2. You have subconsciously put a cap on the number of curves you can accept from the HO now...


----------



## thom (Nov 3, 2006)

I've eaten a few. One of my subs came back once and asked for more money. Paid him the extra and never called him again. That was the most expensive $150 he ever got. 

He's called me a few times over the ensuing years and I've told him I'm happy with his replacement.


----------



## boman47k (Oct 13, 2006)

> In 12 years I have never done this


Surely it is not that bad then. Hope not.


----------



## mdshunk (Mar 13, 2005)

Irving... about how much money are you talking about, anyhow? Can you upsell tthe customer on different finish materials and recover any of it? Will it take food off your table if you absorb the loss? The general dollar amount might put it into perspective and get you different advice.


----------



## Joasis (Mar 28, 2006)

If this is the only time this has happened in your 12 years, count your blessings. If it doesn't financially ruin you, take the hit and move on...your reputation will be proven in the long run.


----------



## fci (Dec 11, 2006)

Now we're talken.


----------



## brian zimmerman (Dec 2, 2006)

maybe you need to see if any extras are missing !


----------



## Gordo (Feb 21, 2006)

Irving, after reviewing your posts from the past, Is this a service magic job?


----------



## Gordo (Feb 21, 2006)

thom said:


> I've eaten a few. One of my subs came back once and asked for more money. Paid him the extra and never called him again. That was the most expensive $150 he ever got.
> 
> He's called me a few times over the ensuing years and I've told him I'm happy with his replacement.


:w00t:


----------



## brian zimmerman (Dec 2, 2006)

I don' think it was a SM lead. they are all dead ended.:no:


----------



## JNLP (Oct 21, 2006)

I've eaten a few dolloars here & there, but only once had it be alot of money. I nicely came out & told the homeowner I messed up by not taking a few things into consideration (happens sometimes), and I went over budget by X dollars on their house. Told them we had an agreement & I won't break that agreement, but if they wanted to pay the overcost or even half, it would be much appreciated. Come check day they gave me what I went over no questions asked. Have been back there twice now doing more work for them. Being nice & honest with people works well sometimes.


----------



## Gordo (Feb 21, 2006)

GLK said:


> I've eaten a few dolloars here & there, but only once had it be alot of money. I nicely came out & told the homeowner I messed up by not taking a few things into consideration (happens sometimes), and I went over budget by X dollars on their house. Told them we had an agreement & I won't break that agreement, but if they wanted to pay the overcost or even half, it would be much appreciated. Come check day they gave me what I went over no questions asked. Have been back there twice now doing more work for them. Being nice & honest with people works well sometimes.


Gotta love those clients!


----------



## pinnacle1 (Dec 4, 2006)

I think that if you bid the job you stick to it. I have done jobs that I realized I didnt bid right but that was my fault and It wont happen again. I strongly believe my reputation is more important than one job. And I would finish the job like I said I would and suck it up. In my bids I put in a percentage for stuff like that. on most jobs I dont use it so on the jobs I screw up all the other jobs absorb it. I now have my company paying for Truck, insurance, fuel, house, employees, materials, and burdens, then my salary, then my company has to make a profit. I have learned there is no such thing as charging too much for exactly the reason you stated. good luck


----------



## irving (Jul 30, 2004)

All good replies, I appreciate them. No it was not a service Magic lead for the obvious reason that they never close. At least the 37 I bought.

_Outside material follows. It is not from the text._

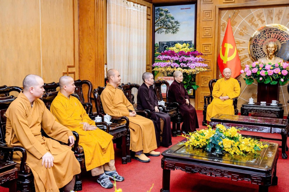 PSO – Trước thềm xuân mới Bính Ngọ, sáng 04/02/2026, đoàn Ban Trị sự GHPGVN tỉnh Thanh Hóa do Thượng tọa Thích Tâm Định, Trưởng ban Trị sự, làm trưởng đoàn đã đến thăm và chúc Tết lãnh đạo Tỉnh ủy, UBND, UBMTTQ, các sở, ban, ngành, Công an tỉnh, Phòng An ninh nội địa và Ban Tôn giáo.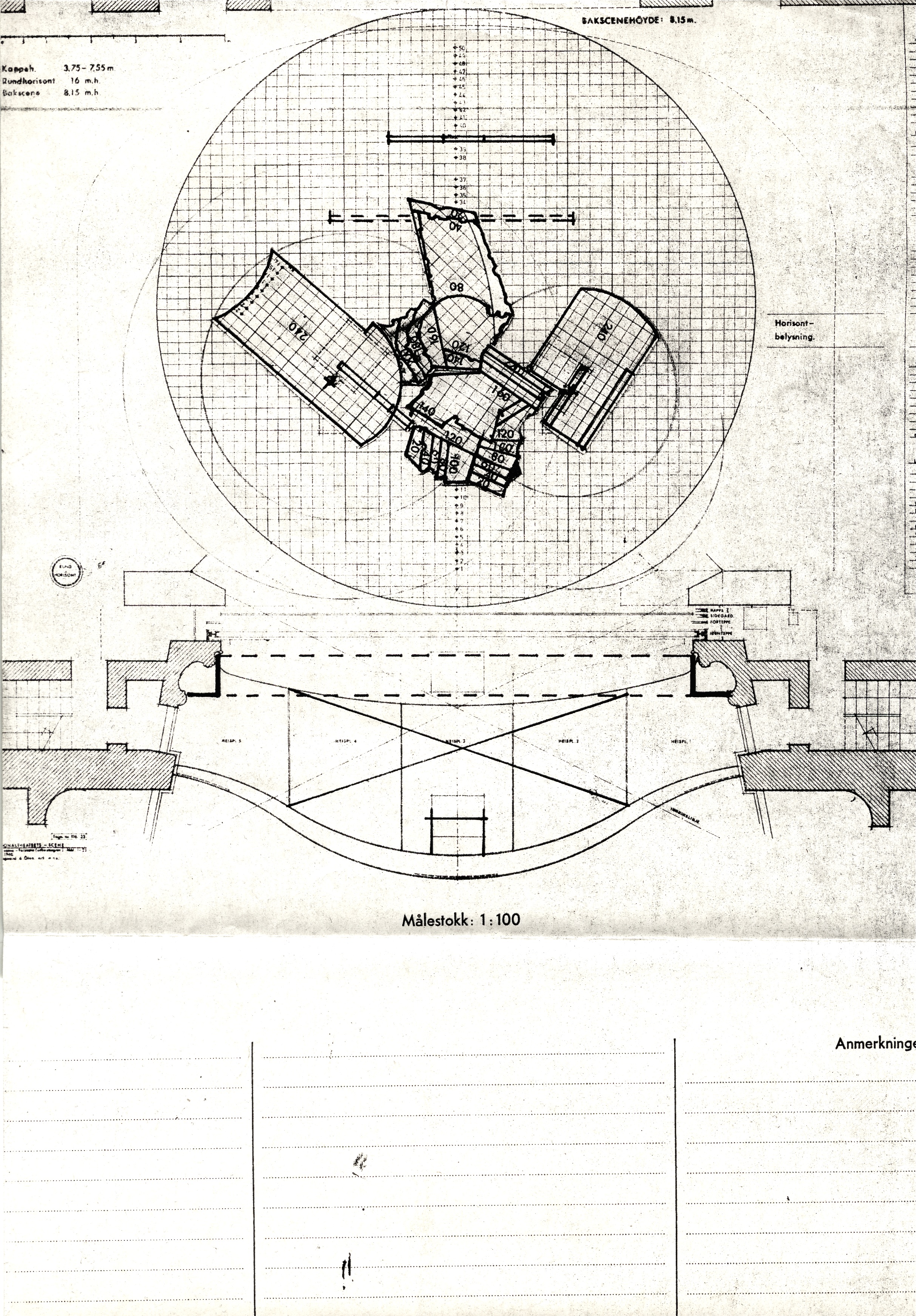 Teknisk tegning av scenografien til Nationaltheatrets produksjon Catilina (1976)

Here is a little twist. The customer had hoped that the bid would be at 80K. It was for 84K. Our contract was for 84K. A couple of weeks ago, out of the blue, he asked me if we were making any progress towards getting the job down to the 80k he wanted. Even though we have a contract for 84k? 

Follow my train of thought for a moment. He is hoping that the final bill will be lower than our contract. Why? Because he wants it to. Well, It could just as easily move up then. He sent me that statement in an email. I have it in writing. In some way that has to be acknowledgement that the bill could change.

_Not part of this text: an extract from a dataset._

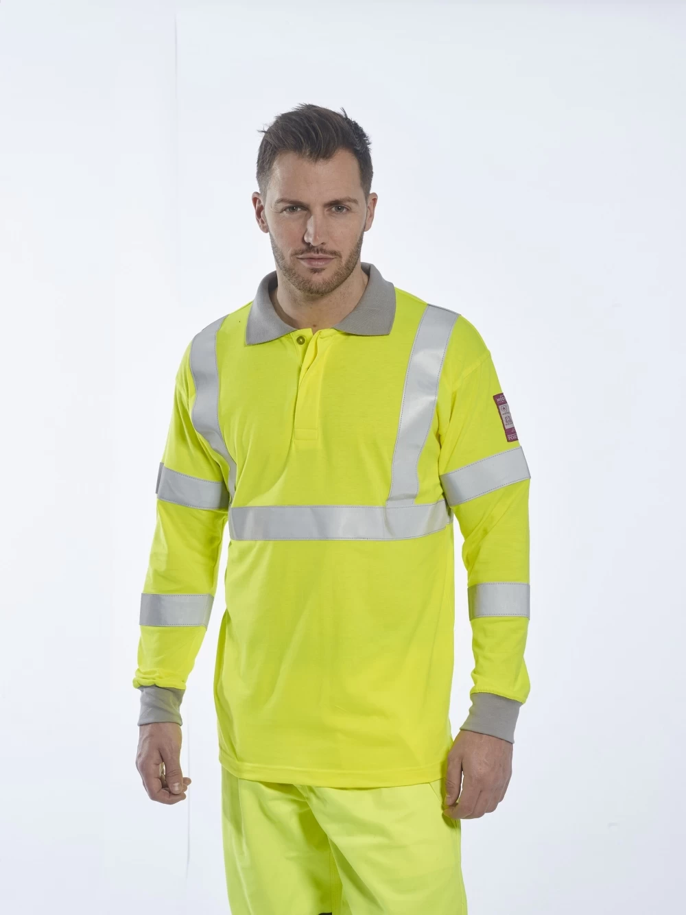 Portwest FR77 – Flammhemmendes, antistatisches Warnschutz Polo-Shirt Langarm mit Reflexstreifen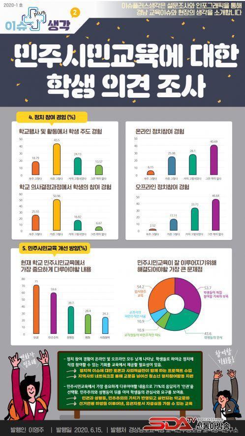 Çб³ ¹ÎÁֽùα³À°ÀÌ º¸´Ù Àß ÀÌ·ç¾îÁö±â À§ÇØ ÇØ°áµÇ¾î¾ß ÇÒ °¡Àå Å« ¹®Á¦Á¡ÀÌ ¹«¾ùÀ̳Ĵ Áú¹®¿¡ 54.2%ÀÇ ÇлýµéÀÌ ¡®Á÷Á¢ Âü¿©ÇÒ ±âȸÀÇ ºÎÁ·¡¯À» ¼±ÅÃÇß´Ù. ÀÌ´Â ¡®ÀÔ½ÃÀ§ÁÖ ±³À°(53.7%)¡¯º¸´Ù ³ôÀº ¼öÄ¡·Î °æ³²Áö¿ª °íµîÇлýµéÀÌ ±Ç¸®ÁÖü·Î¼ Á÷Á¢ Á¤Ä¡¿¡ Âü¿©ÇÏ°í ½ÇõÇϰíÀÚ ÇÏ´Â ¿å±¸°¡ ³ô´Ù´Â °ÍÀ» ¾Ë ¼ö ÀÖ´Â °á°ú´Ù.

I want to honor our agreement. If I have to, it will dramatically slow down the completion. Cash flow is the cause. So if I have to honor the 84K I will have no choice but to delay finishing. This is an addition for twins he and his wife had a couple of months ago. Slowing down the job will be a big disappointment for them. And as a consequence, a problem.

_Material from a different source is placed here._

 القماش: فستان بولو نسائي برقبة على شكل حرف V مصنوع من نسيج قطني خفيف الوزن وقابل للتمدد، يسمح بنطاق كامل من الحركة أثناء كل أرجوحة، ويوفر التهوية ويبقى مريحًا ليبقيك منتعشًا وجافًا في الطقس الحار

I feel I have the right and the need to increase the cost of the job. Not a bunch, but at least 5K.

Where are my politicians?

And I do feel good this is a first. But it is on my plate today. Thanks for the continued advice.


----------



## mdshunk (Mar 13, 2005)

irving said:


> I feel I have the right and the need to increase the cost of the job...


Could you ellaborate a little bit? Why so? Increase in material costs? That's what an escalation clause is for; hope you had one. Changes/Adds? That's what a change order is for; hope you got them. You missed stuff when you were preparing the bid? That's why a detailed scope of work is important; hope yours was. 

I certainly understand your need to collect an additional 5K, but I'm not seeing the right yet. Certainly you don't have to prove it to me, but I'm just laying out what I see so far.


----------



## Rich Turley (Apr 9, 2005)

Irving,

First time in 12 years?, that's great! I was going to tag onto the advise to hold to the bid and move on, it has happened to me. I follow the train of thought that if things go super smooth, and my costs are much lower, I don't refund the money. But at $84k you're in another league than I am and it may not work the same. In fact I have just landed the biggest job ever for me, a 600sf addition and I'm scared to death of ending up in you're position. 

I think I would review things and see if any of those overruns can be classified as 'unforseen' and at least break even.

Rich


----------



## Mike Finley (Apr 28, 2004)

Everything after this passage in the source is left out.